### [EXERCISE DESCRIPTION]
Your task is to reproduce, exactly and only, the lines running from the line containing "STARWELL yüksək performanslı" to the end of the data below, both included.

[RECORDS — start]

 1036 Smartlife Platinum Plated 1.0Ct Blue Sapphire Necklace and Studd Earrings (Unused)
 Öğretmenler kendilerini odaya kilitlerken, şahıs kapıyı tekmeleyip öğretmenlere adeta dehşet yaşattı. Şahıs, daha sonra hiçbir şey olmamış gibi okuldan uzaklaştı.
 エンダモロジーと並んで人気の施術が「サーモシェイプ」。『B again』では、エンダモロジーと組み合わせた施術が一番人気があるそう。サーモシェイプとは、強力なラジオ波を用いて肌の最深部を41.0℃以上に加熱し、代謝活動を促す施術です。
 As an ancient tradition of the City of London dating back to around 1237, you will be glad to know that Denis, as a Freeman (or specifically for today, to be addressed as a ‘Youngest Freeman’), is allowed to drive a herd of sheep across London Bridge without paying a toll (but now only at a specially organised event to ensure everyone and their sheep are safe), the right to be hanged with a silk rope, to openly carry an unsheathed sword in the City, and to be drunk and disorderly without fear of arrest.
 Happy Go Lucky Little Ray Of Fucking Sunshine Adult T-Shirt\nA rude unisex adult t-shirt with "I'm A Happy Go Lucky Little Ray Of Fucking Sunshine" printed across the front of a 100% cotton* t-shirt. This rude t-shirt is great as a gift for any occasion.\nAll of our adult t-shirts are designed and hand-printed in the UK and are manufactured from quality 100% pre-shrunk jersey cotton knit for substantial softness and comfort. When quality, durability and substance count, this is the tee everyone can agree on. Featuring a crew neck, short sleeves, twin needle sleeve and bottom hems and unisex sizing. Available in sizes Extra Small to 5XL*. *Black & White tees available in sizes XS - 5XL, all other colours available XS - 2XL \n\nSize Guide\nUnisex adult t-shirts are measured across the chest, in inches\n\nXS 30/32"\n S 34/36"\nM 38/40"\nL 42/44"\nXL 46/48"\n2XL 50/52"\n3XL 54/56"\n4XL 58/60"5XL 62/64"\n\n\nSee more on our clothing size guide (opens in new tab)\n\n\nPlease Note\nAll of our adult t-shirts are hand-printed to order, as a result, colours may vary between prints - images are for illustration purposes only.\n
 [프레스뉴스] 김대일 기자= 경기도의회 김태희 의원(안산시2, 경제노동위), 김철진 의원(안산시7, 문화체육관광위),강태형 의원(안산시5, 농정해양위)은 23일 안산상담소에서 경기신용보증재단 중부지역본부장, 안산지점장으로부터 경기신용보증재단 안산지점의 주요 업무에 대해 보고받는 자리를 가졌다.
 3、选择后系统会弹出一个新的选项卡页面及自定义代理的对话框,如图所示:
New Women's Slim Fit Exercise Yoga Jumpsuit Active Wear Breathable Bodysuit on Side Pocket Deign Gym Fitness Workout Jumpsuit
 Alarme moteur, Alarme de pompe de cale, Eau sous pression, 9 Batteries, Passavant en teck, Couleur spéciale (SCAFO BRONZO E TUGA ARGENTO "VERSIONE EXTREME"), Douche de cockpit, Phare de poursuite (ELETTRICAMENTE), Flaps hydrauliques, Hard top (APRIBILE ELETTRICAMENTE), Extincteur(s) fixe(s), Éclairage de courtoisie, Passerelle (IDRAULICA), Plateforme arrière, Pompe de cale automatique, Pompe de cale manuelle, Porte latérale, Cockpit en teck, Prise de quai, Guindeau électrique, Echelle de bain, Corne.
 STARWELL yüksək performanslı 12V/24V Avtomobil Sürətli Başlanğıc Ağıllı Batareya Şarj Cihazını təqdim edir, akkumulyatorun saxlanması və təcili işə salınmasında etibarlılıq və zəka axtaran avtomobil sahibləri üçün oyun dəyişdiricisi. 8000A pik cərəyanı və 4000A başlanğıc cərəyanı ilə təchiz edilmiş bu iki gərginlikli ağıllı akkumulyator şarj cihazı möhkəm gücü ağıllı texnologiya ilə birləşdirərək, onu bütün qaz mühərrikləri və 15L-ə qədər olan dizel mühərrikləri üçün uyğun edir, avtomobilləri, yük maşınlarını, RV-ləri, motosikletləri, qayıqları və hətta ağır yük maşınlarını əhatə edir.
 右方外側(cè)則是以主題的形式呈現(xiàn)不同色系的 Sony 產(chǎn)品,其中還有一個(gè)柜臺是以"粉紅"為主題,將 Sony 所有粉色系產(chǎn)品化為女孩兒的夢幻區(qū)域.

[RECORDS — finish]

### [SOLUTION BELOW]
 STARWELL yüksək performanslı 12V/24V Avtomobil Sürətli Başlanğıc Ağıllı Batareya Şarj Cihazını təqdim edir, akkumulyatorun saxlanması və təcili işə salınmasında etibarlılıq və zəka axtaran avtomobil sahibləri üçün oyun dəyişdiricisi. 8000A pik cərəyanı və 4000A başlanğıc cərəyanı ilə təchiz edilmiş bu iki gərginlikli ağıllı akkumulyator şarj cihazı möhkəm gücü ağıllı texnologiya ilə birləşdirərək, onu bütün qaz mühərrikləri və 15L-ə qədər olan dizel mühərrikləri üçün uyğun edir, avtomobilləri, yük maşınlarını, RV-ləri, motosikletləri, qayıqları və hətta ağır yük maşınlarını əhatə edir.
 右方外側(cè)則是以主題的形式呈現(xiàn)不同色系的 Sony 產(chǎn)品,其中還有一個(gè)柜臺是以"粉紅"為主題,將 Sony 所有粉色系產(chǎn)品化為女孩兒的夢幻區(qū)域.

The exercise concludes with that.